Despite twenty years of practical experience trying to prevent compromise, intruders continue to exploit enterprises at will. While they may not be successful attacking any specific asset (unless inordinate resources are applied), in aggregate intruders will always find at least one viable avenue for exploitation.  The maxim that "prevention eventually fails" holds for any enterprise of sufficient size, complexity, and asset value to attract an intruder's attention. The threshold has fallen to the point where a single home PC is now considered "worthy" of the same sorts of attacks levied against multibillion-dollar conglomerates.

In a world where the adversary eventually breaches some aspect of a target's protective measures, what's an enterprise security manager to do? The answer is simple:

1) detect compromise as efficiently as possible;

2) respond to incidents as quickly as possible; and

3) investigate using digital forensics as effectively as possible. 

This article will provide several ways to think about this issue and implement computer incident detection, response, and forensics capabilities to support your enterprise.

Incident Detection

Incident detection has suffered from a variety of misconceptions and miscommunications during its history. One of these has been the narrow way in which most operators view the detection process. I recommend thinking of incident detection in terms of three "orders."

First order incident detection is the traditional way to apply methods to identify intrusions. First order detection concentrates on discovering attacks during the reconnaissance (if any) and exploitation phases of compromise. Reconnaissance is the process by which an intruder learns enough about the target to effect intrusion. Exploitation is the process of abusing, subverting, or breaching a target, thereby imposing the intruder's will upon the asset. Almost all security products that seek to detect and/or "prevent" attacks monitor activity during these stages of the compromise lifecycle.

Second order incident detection moves beyond reconnaissance and exploitation to the final three stages of compromise: reinforcement, consolidation, and pillage. Reinforcement is the process by which an intruder leverages the unauthorized access gained during exploitation in order to build a more stable platform for repeated re-entry. Downloading and installing a remote access Trojan program is a classic reinforcement activity.  Consolidate is the act of controlling a compromised asset using the means installed during reinforcement.  Pillage is the execution of the intruder's ultimate plan, which could be pivoting on the target to attack another system, exfiltrating sensitive information, or any other nefarious plan the intruder may wish to execute.  Second order detection focuses on identifying any of these final three phases of compromise, which can be highly variable and operate at the discretion of the intruder.
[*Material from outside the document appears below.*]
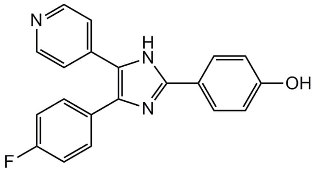SB202190 (1 mg), Adipogen Life Sciences. Chemical. CAS: 152121-30-7. Formula: C20H14FN3O. MW: 331.3. Potent and cell permeable p38 MAP kinase inhibitor. Apoptosis inducer. Inhibits p38alpha and beta, but not gamma and delta isoforms. Does not inhibit ERK2 or other members of the MAP kinase family or their upstream activators. JNK activator. Autophagic vacuole inducer
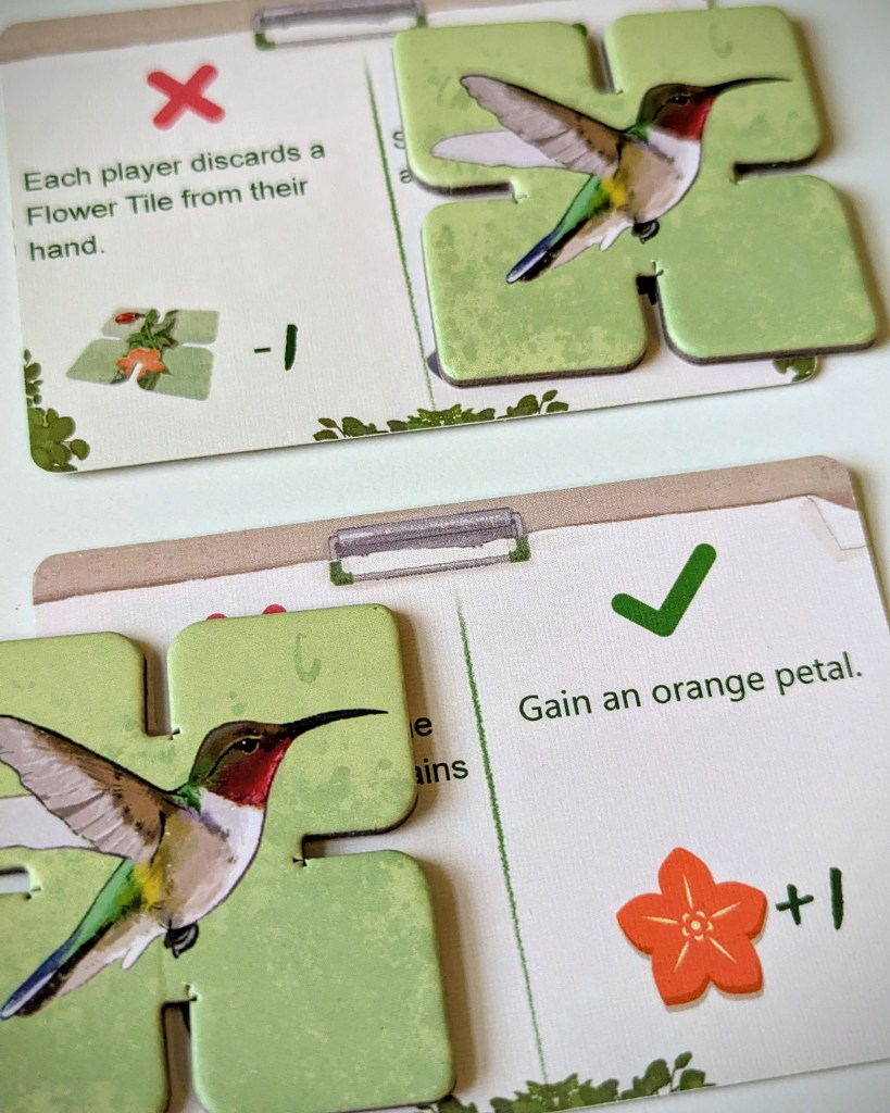 - 3 event cards are randomly selected each game, and activated in order – so if you claim a hummingbird tile, you don’t get to pick which personal effect to activate. Personally I think this made things more interesting (when best to time grabbing a hummingbird, or leaving it to eventually activate the global effect), but I could see others finding this annoying.

Third order incident detection occurs outside the realm of the five phases of compromise by concentrating on post-pillage activities. Whereas first- and second-order detection is done at the enterprise, either by watching hosts, network traffic, logs, or possibly even sensitive data, third order detection takes place outside the enterprise. Third order detection seeks to discover indications that preventative and detection mechanisms have failed by finding the consequences of an intrusion. Looking for these sorts of signs could take the form of searching for, and finding, private company documents on peer-to-peer networks, or intruder-operated botnet servers, or a competitor's release of a product uncannily similar to your company's own. Each of these events indicate a breach or policy violation occurred, yet none may have been detected by conventional means.  Third order detection is a powerful way to determine if the formal detection mechanisms operated by an organization's security team make any difference in the real world.

A complementary way to think about detection takes the form of six maturity levels.  Using the ideas below, you can determine how advanced your detection initiative may be.

Level 0.  No primary detection method exists. No formal data sources are used. No actions are taken, since this "blissful ignorance" hides the fact that the enterprise could be (and probably is) severely compromised.

Level 1.  Customers, peer organizations, and users are the primary detection methods. No data sources beyond those provided by the aforementioned parties are available. The predominate reaction is to form an ad-hoc team to fight fires on a repeated basis.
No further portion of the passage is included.